Closed katkopera closed 1 year ago
you are supposed to write a bash script that contains the slurm utility commands that specify the resources (time/memory/number of cores/parallelization/etc.) as well as the commands run using sbatch. And then you can run that bash file using sbatch FILENAME.sh
to execute the pipeline in slurm.
An example of a working slurm bash script:
#! /bin/bash -l
#SBATCH --partition=panda # cluster-specific
#SBATCH --nodes=1
#SBATCH --ntasks=1
#SBATCH --job-name=slurm_qc
#SBATCH --time=00:08:00 # HH/MM/SS
#SBATCH --mem=50G # memory requested, units available: K,M,G,T
#SBATCH --output slurm_qc-%j.out
#SBATCH --error slurm_qc-%j.err
source ~/.bashrc
mamba activate short-read-quality-control
echo "This is job #:" $SLURM_JOB_ID >> slurm_qc_output.txt
echo "conda activated?"
python /home/chf4012/camp_short-read-quality-control/workflow/short-read-quality-control.py -c 5 -d /home/chf4012/camp_short-read-quality-control/test_data_tadpole_3 -s /home/chf4012/camp_short-read-quality-control/test_data_tadpole_3/samples.csv
exit
Hopefully this addresses your question. Let me know if you have more questions.

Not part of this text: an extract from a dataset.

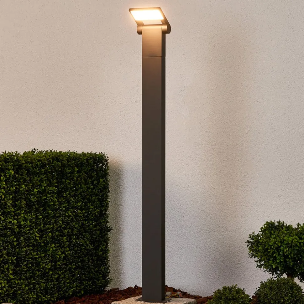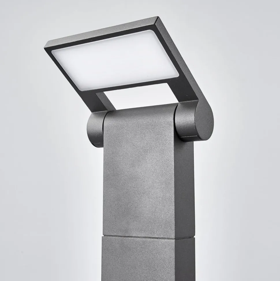 Grafietgrijze LED tuinpadverlichting Marius – winnaar van 2 design awards Deze LED tuinpadverlichting is ideaal voor het verlichten van tuinpaden en opritten, vooral als deze in een eigentijdse stijl zijn ontworpen of deel uitmaken van een modern gebouw. Om een betere positionering van de lamp mogelijk te maken, is de lampenkop niet star, maar flexibel bevestigd aan het frame met behulp van een scharnier. Bovendien is de hoogwaardige LED tuinpadverlichting Marius bekroond met twee prijzen: de German Design Award Special 2018 en de Reddot Award 2017 (winnaar lichtontwerp).

Yes, I know I'm able to run it this way. My point was that according to the documentation site I can try running the python script with '--slurm' flag, which gives the above error. If it shouldn't be run with '--slurm' consider updating the documentation. Thanks anyway!

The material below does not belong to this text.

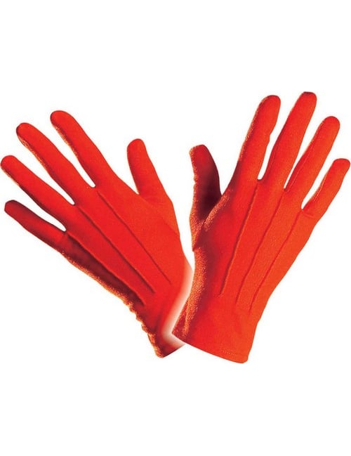 Тези червени къси ръкавици са за възрастни. Те са с дължина приблизително 22 см до максимум. Тези цветни ръкавици ще бъдат идеални за завършване на костюм на клоун за карнавала например. Copyright Widmann Srl

makes sense, let me check in with the team about it
Your observations are correct, though the --slurm
flag was described as it was in the README and as Tom described it intentionally. Most cluster access nodes have a limited number of threads, and persistent commands like Snakemake running on them for hours or days tie up the already small thread pool. As a preventative measure, the --slurm
flag will only function properly when the command is submitted as a bash script or within a bash script. If this is not an issue for you, please submit a feature pull request with a new cluster submission flag and we'll review it and get back to you. Thanks!

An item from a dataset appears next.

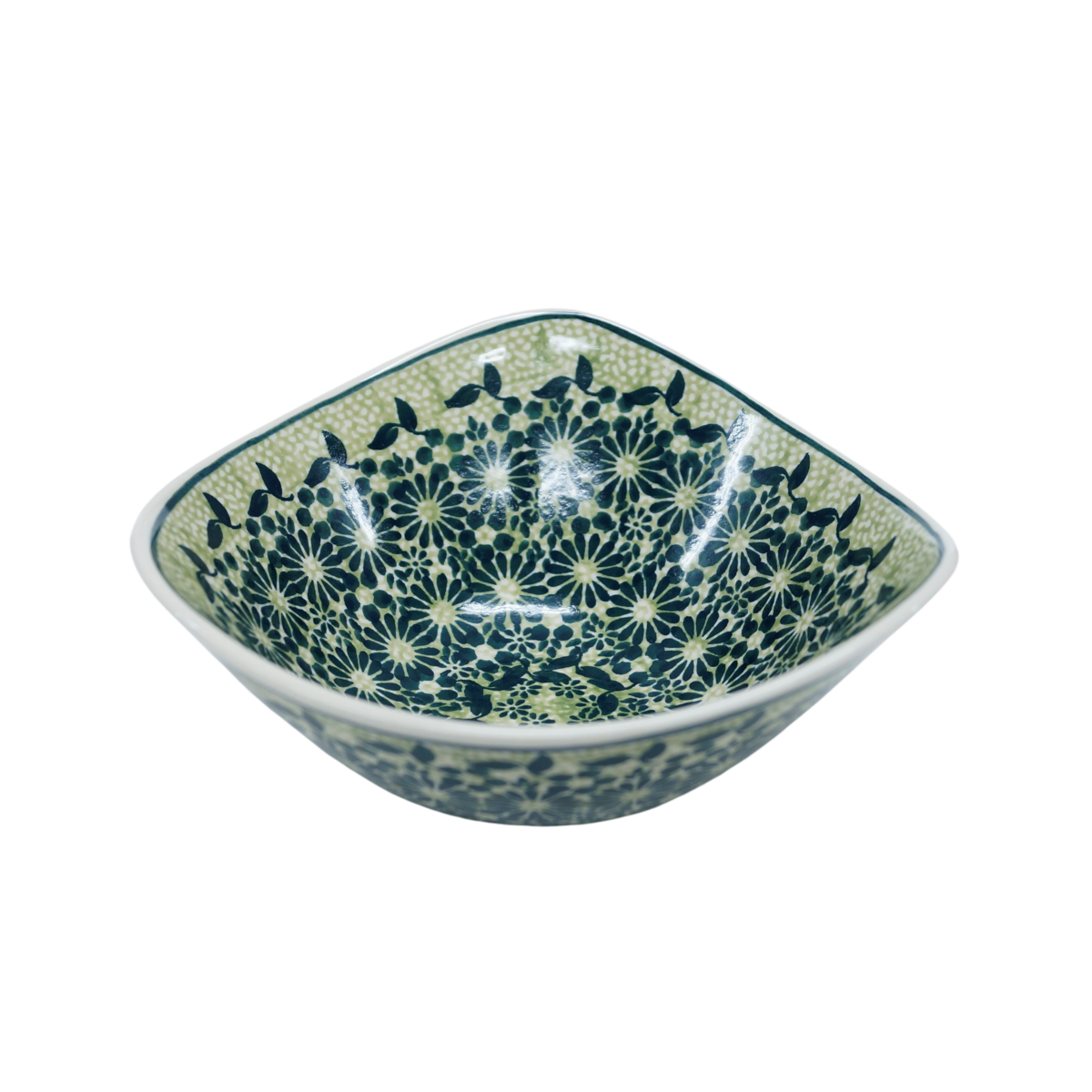 Ręcznie zdobiona kamionkowa misa o nie regularnym kształcie, idealna do podawania i przechowywania potraw. Niech Twoja potrawa przygotowana będzie podana pięknie i smakuje wykwitnie dzięki artystycznym naczyniom ceramiki Bolesławieckiej z rodzinnej manufaktury, CERAMIKA ANDY, ręcznie zdobionym podszkliwnie.

Hi, I'm testing CAMP on a job submission cluster with SLURM ticketing system (https://www.top500.org/system/179958/). I follow CAMP Short-Read Quality Control README.md instructions for cluster submission and execute short-read-quality-control.py with '--slurm' flag. Snakemake won't complete any job because of:
sbatch: error: Batch job submission failed: Access/permission denied
This is not surprising as the cluster won't allow job submission from a compute host. Compute host doesn't have access to any workload manager, only the utilities specified in the initial sbatch `sbatch -J jobname -o jobname.log << "EOF"
!/bin/bash
python /path/to/camp_short-read-quality-control/workflow/short-read-quality-control.py --slurm \ (-c max_number_of_parallel_jobs_submitted) \ -d /path/to/work/dir \ -s /path/to/samples.csv EOF` As I understand from the code you try to run slurm job inside slurm job (correct me if I'm wrong).
I guess I won't be the only user that have this problem, so could you guys address my problem somehow?
P.S. I'm able to execute the script when I omit the '--slurm' flag.